This gives us a practical deployment framework:
| Tool type | Safe speculative action | Riskier action to avoid or transform |
|---|---|---|
| Web search | Run search early, cache result | None, unless rate limits or privacy apply |
| URL fetch | Fetch and cache page content | Fetch authenticated or sensitive URLs without policy |
| File read | Open likely files in sandbox or cache | Reading restricted paths without permission scope |
| Code test | Prepare runtime, maybe run in isolated workspace | Mutating shared state or external services |
| Package install | Dry run, dependency resolution, staging environment | Installing into the live execution environment |
| External API call | Usually no full speculation unless explicitly idempotent | Committing transactions, sending messages, writing records |
The important phrase is “unless explicitly.” PASTE’s paper states that the system does not infer side-effect freedom automatically. This is not a weakness; it is a necessary restraint. In business automation, policy should carry the responsibility for what may be pre-executed. The model should not be trusted to decide whether a CRM update, payment action, or compliance filing is “probably fine.”
Probably fine is not a control framework.
The evidence says PASTE wins by overlap, not by magic
The evaluation uses three agents and three benchmark families: VirtualLab for scientific workflows, Qwen Deep Research for open-ended research, and gemini-cli for coding and general-purpose tasks. The benchmarks include DeepResearchBench, SWE-bench, and ScholarQA. The baselines are ORION, a serverless DAG execution system, and SpecFaaS, a speculative serverless execution system.
The experimental setup is substantial: four nodes, each with 96 AMD EPYC vCPUs, 512 GB memory, and eight NVIDIA A100 80GB GPUs. The paper uses both proprietary LLM APIs and a locally hosted Qwen-DeepResearch-30B model, and mines patterns on historical tasks while evaluating on disjoint new tasks.
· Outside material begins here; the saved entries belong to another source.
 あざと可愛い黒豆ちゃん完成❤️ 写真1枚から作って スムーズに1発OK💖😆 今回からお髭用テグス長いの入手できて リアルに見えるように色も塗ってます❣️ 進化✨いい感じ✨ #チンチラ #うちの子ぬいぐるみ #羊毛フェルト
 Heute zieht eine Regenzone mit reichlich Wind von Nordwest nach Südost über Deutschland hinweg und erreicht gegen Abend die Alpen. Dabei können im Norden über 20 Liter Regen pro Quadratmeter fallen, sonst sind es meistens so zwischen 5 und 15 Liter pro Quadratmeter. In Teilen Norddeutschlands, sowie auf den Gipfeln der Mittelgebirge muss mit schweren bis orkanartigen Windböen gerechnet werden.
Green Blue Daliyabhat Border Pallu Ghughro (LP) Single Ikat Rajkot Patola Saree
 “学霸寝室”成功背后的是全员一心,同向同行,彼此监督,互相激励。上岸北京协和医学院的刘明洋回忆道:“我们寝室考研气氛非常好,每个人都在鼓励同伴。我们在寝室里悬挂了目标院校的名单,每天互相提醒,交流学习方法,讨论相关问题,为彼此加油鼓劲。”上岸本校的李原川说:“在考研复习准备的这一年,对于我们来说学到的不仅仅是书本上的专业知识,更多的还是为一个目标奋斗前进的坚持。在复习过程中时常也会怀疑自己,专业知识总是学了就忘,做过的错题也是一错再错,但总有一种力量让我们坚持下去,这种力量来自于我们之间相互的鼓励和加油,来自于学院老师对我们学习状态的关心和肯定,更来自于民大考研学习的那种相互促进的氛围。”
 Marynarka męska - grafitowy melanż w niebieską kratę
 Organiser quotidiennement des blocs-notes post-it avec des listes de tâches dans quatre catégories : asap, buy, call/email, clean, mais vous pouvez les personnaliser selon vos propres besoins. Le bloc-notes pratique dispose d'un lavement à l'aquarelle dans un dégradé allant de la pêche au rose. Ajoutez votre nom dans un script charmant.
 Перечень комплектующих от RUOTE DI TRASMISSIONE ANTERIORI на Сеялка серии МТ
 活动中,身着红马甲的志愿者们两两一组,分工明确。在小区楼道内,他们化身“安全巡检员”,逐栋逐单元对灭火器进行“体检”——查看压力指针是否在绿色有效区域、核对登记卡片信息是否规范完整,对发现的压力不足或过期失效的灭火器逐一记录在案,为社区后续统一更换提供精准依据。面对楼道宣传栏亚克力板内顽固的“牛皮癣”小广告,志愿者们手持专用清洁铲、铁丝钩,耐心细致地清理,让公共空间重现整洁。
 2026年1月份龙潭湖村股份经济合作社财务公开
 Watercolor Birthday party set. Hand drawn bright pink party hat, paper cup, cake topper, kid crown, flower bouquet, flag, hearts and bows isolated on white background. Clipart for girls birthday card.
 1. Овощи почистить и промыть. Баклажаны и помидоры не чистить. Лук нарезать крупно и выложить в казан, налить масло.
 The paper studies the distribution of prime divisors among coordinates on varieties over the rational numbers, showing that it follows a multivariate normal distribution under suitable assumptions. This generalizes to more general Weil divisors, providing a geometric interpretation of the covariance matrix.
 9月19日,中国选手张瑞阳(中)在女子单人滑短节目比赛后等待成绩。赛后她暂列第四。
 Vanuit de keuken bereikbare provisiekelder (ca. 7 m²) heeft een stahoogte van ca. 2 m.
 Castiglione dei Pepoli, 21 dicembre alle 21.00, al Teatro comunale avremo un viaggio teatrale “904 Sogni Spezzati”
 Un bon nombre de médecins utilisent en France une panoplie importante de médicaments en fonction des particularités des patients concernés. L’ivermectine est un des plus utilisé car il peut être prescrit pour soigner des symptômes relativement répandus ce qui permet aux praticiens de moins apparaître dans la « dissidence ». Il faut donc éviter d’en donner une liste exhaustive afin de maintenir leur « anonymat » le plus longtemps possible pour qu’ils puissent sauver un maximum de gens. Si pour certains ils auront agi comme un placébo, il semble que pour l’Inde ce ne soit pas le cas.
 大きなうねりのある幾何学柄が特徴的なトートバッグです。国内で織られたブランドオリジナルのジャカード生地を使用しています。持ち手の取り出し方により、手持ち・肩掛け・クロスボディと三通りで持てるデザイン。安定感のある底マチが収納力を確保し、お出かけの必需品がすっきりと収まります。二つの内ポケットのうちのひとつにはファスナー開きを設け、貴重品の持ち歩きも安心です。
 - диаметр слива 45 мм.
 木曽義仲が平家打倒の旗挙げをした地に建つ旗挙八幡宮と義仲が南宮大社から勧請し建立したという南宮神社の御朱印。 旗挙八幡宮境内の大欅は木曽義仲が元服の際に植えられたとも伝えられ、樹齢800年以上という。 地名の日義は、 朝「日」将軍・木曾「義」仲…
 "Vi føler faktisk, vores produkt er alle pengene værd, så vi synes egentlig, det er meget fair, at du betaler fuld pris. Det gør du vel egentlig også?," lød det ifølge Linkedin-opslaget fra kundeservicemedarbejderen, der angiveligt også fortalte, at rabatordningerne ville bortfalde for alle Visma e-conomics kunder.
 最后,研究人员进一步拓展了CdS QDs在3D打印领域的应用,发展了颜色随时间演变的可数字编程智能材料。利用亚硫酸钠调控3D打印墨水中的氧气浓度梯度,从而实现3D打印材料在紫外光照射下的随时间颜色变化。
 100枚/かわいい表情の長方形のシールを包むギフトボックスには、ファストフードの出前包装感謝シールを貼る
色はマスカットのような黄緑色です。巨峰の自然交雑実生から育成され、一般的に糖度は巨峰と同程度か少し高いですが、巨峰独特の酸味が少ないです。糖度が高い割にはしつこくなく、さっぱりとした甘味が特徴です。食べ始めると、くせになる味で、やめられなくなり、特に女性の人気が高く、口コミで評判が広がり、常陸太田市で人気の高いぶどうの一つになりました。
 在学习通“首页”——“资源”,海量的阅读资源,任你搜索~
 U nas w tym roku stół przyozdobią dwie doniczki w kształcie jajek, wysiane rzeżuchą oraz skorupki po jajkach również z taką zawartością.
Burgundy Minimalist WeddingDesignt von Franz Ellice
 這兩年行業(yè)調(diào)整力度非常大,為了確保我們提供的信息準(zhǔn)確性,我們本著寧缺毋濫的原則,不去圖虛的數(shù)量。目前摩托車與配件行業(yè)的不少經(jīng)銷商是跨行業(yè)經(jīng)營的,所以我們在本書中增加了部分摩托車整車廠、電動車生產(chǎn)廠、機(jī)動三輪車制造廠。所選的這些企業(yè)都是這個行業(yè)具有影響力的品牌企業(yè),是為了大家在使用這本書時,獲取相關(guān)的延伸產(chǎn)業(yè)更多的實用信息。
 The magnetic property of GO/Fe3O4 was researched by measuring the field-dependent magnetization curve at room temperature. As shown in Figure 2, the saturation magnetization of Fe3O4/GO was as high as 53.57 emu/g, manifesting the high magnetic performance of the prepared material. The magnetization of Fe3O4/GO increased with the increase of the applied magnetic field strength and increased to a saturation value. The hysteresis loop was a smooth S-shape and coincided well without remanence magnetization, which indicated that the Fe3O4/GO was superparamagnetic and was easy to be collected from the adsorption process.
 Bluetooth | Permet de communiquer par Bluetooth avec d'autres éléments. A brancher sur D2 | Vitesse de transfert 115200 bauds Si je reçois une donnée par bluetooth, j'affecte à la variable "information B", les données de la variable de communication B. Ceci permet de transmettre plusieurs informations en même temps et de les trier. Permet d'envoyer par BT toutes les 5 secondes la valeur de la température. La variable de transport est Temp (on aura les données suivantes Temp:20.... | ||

The strongest headline results are:
| Result area | Reported result | Likely purpose of test | What it supports | What it does not prove |
|---|---|---|---|---|
| End-to-end latency | Up to 48.5% average reduction; p95/p99 reductions up to 48.6%/61.9% | Main evidence | PASTE improves user-visible completion time in tested agent workloads | That every agent workload will see similar gains |
| Tool latency | Up to 55.2% average reduction; p95/p99 reductions up to 59.3%/60.6% | Main evidence | Speculative execution shortens effective tool critical path | That underlying tool execution itself became faster |
| Tool-wait time | 67% reduction | Mechanism evidence | Speedup comes from hiding stalls through overlap | That the agent reasons better or uses fewer tools |
| Scalability | At each concurrency, PASTE sustains at least 1.76×/2.05× higher speedup versus ORION/SpecFaaS | Robustness/sensitivity test | Opportunistic scheduling remains useful under concurrent sessions | That resource budgets can be ignored |
| Prediction quality | Up to 27.8% Top-1 accuracy, 43.9% Top-3 recall, 93.8% overall hit rate | Diagnostic / mechanism evidence | Useful speculation can work even when the top prediction is imperfect | That the predictor always knows the next action precisely |
| Side effects | 602 potentially side-effecting speculative actions detected among over 20,000 speculative actions; no divergent final result | Safety evaluation | Policy and sandboxing can contain unsafe guesses in the tested setup | That all side effects in arbitrary enterprise tools are solved |
| Resource overhead | Per second of latency reduction: 0.02 core-seconds CPU, 2.6 MB memory, 0.9 MB bandwidth; less than 100 ms scheduling/prediction overhead | Overhead / practicality test | Sidecar deployment can be lightweight under tested settings | That overhead is negligible under every tool mix |
The most interesting evidence is not the average latency number. Average latency numbers are good for headlines and bad for understanding. The mechanism evidence is more valuable: PASTE reduces waiting by overlapping speculative tool work with LLM generation. The agent is still in a serial loop logically, but the runtime starts to pipeline parts of that loop whenever patterns make the future sufficiently predictable.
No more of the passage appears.